> **Task to carry out**:
Once you find the line with "Воспаление включает в" in the data that follows, repeat it and every line after it exactly, through the line with "Obraz z serii".

[[ Input records open ]]

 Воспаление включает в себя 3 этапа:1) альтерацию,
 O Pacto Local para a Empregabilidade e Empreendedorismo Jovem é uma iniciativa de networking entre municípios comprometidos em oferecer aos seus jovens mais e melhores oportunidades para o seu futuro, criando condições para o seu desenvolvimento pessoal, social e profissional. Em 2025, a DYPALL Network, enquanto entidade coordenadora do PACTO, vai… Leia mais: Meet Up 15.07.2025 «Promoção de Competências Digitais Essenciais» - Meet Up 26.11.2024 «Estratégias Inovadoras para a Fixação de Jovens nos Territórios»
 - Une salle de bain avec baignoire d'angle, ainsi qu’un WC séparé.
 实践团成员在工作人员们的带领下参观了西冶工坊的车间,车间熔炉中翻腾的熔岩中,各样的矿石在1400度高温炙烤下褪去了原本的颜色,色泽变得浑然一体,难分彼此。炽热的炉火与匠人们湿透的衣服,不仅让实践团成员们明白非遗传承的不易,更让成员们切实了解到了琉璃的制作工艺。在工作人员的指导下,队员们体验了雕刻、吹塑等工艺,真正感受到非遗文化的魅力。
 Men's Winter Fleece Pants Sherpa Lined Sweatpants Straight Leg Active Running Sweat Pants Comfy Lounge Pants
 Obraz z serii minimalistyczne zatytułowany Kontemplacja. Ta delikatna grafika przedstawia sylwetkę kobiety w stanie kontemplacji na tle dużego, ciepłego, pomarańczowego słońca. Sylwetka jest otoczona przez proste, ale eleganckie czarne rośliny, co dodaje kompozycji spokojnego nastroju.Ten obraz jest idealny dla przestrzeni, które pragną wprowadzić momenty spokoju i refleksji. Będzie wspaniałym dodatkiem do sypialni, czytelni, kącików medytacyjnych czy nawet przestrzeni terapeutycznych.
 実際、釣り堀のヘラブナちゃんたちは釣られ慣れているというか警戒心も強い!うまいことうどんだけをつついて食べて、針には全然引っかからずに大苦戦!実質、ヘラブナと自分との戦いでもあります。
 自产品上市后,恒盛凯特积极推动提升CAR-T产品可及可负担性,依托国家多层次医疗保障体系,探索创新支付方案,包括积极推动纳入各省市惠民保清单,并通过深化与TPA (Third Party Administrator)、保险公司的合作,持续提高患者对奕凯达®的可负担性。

[[ Input records closed ]]
[[ Input records open ]]

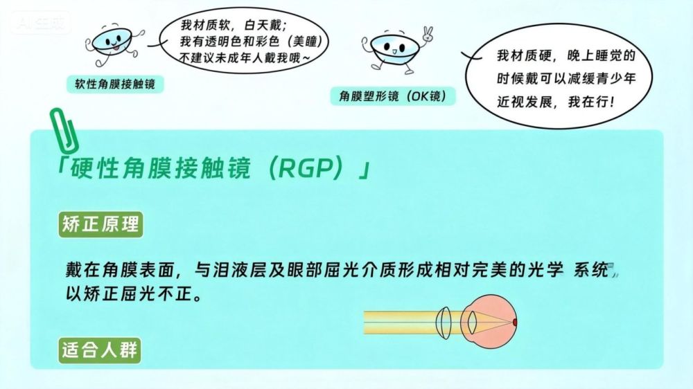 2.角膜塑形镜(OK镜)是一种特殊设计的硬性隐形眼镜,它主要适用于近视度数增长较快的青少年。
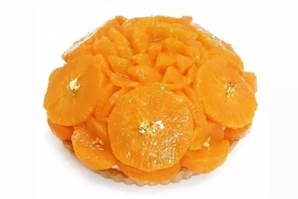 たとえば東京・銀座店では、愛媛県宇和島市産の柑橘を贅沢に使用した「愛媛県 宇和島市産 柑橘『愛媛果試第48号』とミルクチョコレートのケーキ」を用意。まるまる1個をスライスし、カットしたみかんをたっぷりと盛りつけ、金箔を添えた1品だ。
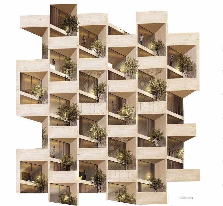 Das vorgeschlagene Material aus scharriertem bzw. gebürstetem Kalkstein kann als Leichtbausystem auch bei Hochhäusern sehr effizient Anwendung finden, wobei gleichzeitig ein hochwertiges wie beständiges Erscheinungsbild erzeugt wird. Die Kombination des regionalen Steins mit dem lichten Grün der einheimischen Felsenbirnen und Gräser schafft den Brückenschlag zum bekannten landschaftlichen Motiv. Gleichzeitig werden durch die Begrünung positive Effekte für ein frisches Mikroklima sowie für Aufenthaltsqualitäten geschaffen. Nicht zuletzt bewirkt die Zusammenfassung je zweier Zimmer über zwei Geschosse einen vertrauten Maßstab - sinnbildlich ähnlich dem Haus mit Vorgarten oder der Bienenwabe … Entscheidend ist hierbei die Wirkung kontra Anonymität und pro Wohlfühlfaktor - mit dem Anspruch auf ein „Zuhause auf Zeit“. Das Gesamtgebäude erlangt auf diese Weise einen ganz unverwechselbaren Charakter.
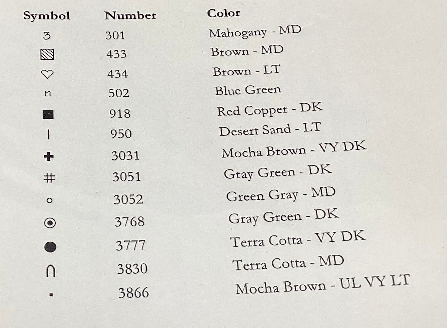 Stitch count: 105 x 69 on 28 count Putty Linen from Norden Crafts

[[ Input records closed ]]
[[ Input records open ]]

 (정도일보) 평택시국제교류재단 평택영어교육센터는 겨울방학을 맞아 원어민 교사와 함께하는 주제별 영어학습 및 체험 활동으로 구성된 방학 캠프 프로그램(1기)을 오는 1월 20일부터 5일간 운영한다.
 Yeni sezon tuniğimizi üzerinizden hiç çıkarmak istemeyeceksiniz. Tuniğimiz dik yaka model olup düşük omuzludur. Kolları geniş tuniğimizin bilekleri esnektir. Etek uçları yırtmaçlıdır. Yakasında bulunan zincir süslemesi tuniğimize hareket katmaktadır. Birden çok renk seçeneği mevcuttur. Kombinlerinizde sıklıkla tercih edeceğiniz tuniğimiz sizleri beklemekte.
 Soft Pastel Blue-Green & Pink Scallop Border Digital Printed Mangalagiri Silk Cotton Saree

[[ Input records closed ]]

> **Output for this exercise**:
 Воспаление включает в себя 3 этапа:1) альтерацию,
 O Pacto Local para a Empregabilidade e Empreendedorismo Jovem é uma iniciativa de networking entre municípios comprometidos em oferecer aos seus jovens mais e melhores oportunidades para o seu futuro, criando condições para o seu desenvolvimento pessoal, social e profissional. Em 2025, a DYPALL Network, enquanto entidade coordenadora do PACTO, vai… Leia mais: Meet Up 15.07.2025 «Promoção de Competências Digitais Essenciais» - Meet Up 26.11.2024 «Estratégias Inovadoras para a Fixação de Jovens nos Territórios»
 - Une salle de bain avec baignoire d'angle, ainsi qu’un WC séparé.
 实践团成员在工作人员们的带领下参观了西冶工坊的车间,车间熔炉中翻腾的熔岩中,各样的矿石在1400度高温炙烤下褪去了原本的颜色,色泽变得浑然一体,难分彼此。炽热的炉火与匠人们湿透的衣服,不仅让实践团成员们明白非遗传承的不易,更让成员们切实了解到了琉璃的制作工艺。在工作人员的指导下,队员们体验了雕刻、吹塑等工艺,真正感受到非遗文化的魅力。
 Men's Winter Fleece Pants Sherpa Lined Sweatpants Straight Leg Active Running Sweat Pants Comfy Lounge Pants
 Obraz z serii minimalistyczne zatytułowany Kontemplacja. Ta delikatna grafika przedstawia sylwetkę kobiety w stanie kontemplacji na tle dużego, ciepłego, pomarańczowego słońca. Sylwetka jest otoczona przez proste, ale eleganckie czarne rośliny, co dodaje kompozycji spokojnego nastroju.Ten obraz jest idealny dla przestrzeni, które pragną wprowadzić momenty spokoju i refleksji. Będzie wspaniałym dodatkiem do sypialni, czytelni, kącików medytacyjnych czy nawet przestrzeni terapeutycznych.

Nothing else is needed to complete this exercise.